HONOLULU - Hurricane Lane soaked Hawaii with more than 50 centimeters (19 inches) of rain in 24 hours, and forecasters warned some areas could see up to 80 centimeters (31 inches) before the storm turns westward over the weekend.
The National Weather Service said Lane was not projected to make a direct hit on the islands.
“You do not need a direct strike to have major impacts from a hurricane this strong,’’ said Steve Goldstein, a meteorologist at the National Oceanic and Atmospheric Administration in Washington.
The center of the Category 4 storm was predicted to move close to or over portions of the main islands later Thursday or Friday, bringing dangerous surf of 6 meters (19 feet), forecasters said.
From Oahu to the Big Island, schools, businesses and government offices closed and residents stocked up on goods and boarded up their homes.
The storm, packing sustained winds of 230 kilometers per hour (142 mph), has been wavering between Category 4 and Category 5 strength. It was about 322 kilometers (200 miles) south of Kailua-Kona Thursday and moving northwest toward other islands.
President Donald Trump declared a state of emergency Wednesday and “ordered Federal assistance to supplement state and local response efforts,” a White House statement said.
The National Weather Service warned Hawaiians to expect flash flooding and landslides, with total rain accumulation of more than 50 centimeters (19 inches). The service predicted “excessive rainfall” will result in “significant and life-threatening flash flooding and landslides.”
Governor David Ige has signed an emergency proclamation to “provide relief for disaster damages, losses and suffering” caused by the hurricane. The proclamation declares the counties of “Hawaii, Maui, Kalawao, Kauai and the City and County of Honolulu disaster areas for the purpose of implementing emergency management functions,” his office said.
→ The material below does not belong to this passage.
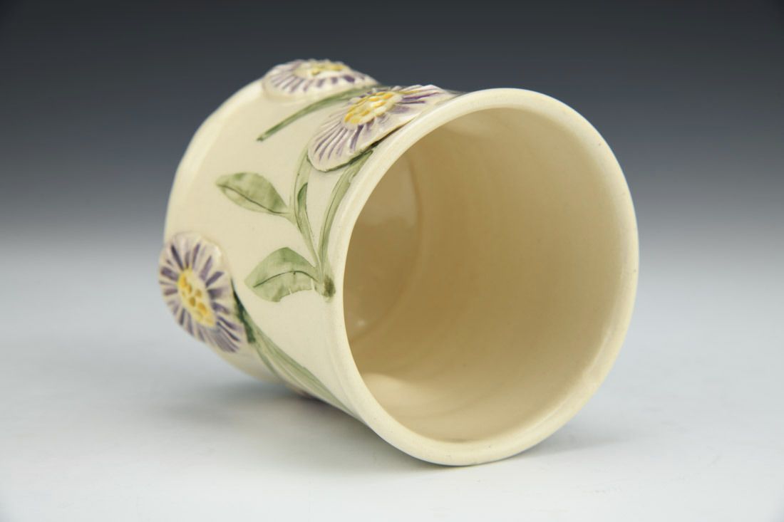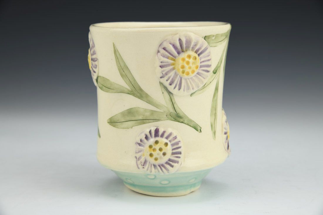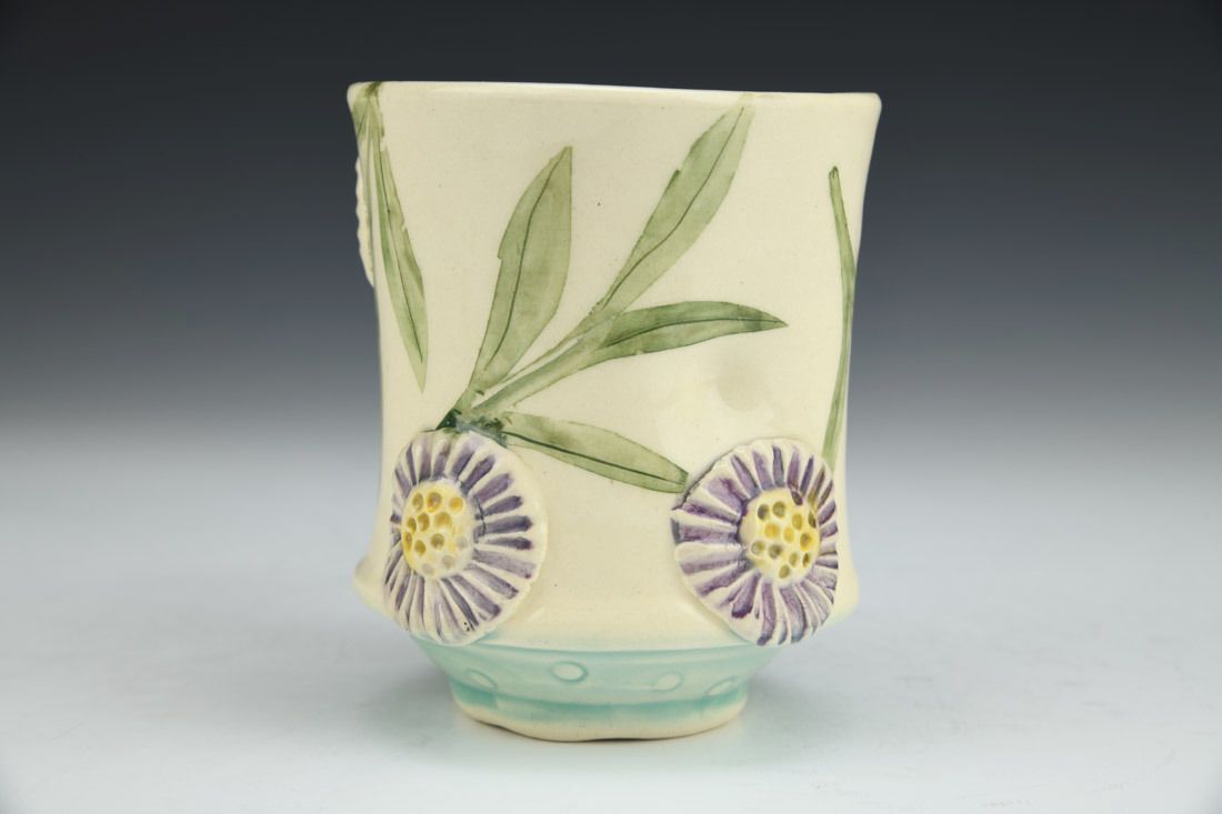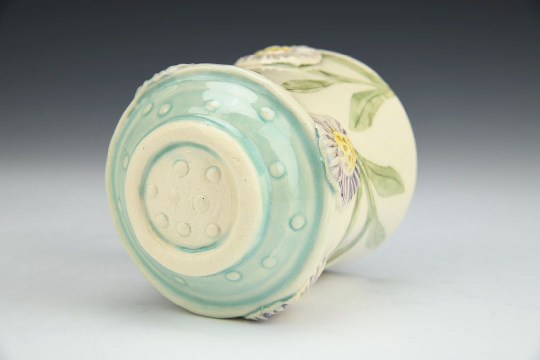 Stoneware, wheel thrown and hand built, sprigs, slip, underglaze, glaze, cone 6 fired, 4 x 3.5 x 3.5 inches.

The hurricane forced the U.S. Navy to begin moving its ships and submarines away from the islands, according to Navy Rear Adm. Brian Fort. He said Wednesday that all ships not currently undergoing maintenance are being moved out of Pearl Harbor and will be positioned to help respond after the storm, if needed.
The central Pacific gets fewer hurricanes than other regions, with about only four or five named storms a year. Hawaii rarely gets hit.
But longtime Hawaii residents were reminded of the destruction caused by Hurricane Iniki in 1992 that made landfall on Kauai island as a Category 4 storm. It killed six people and caused $1.8 billion in damage.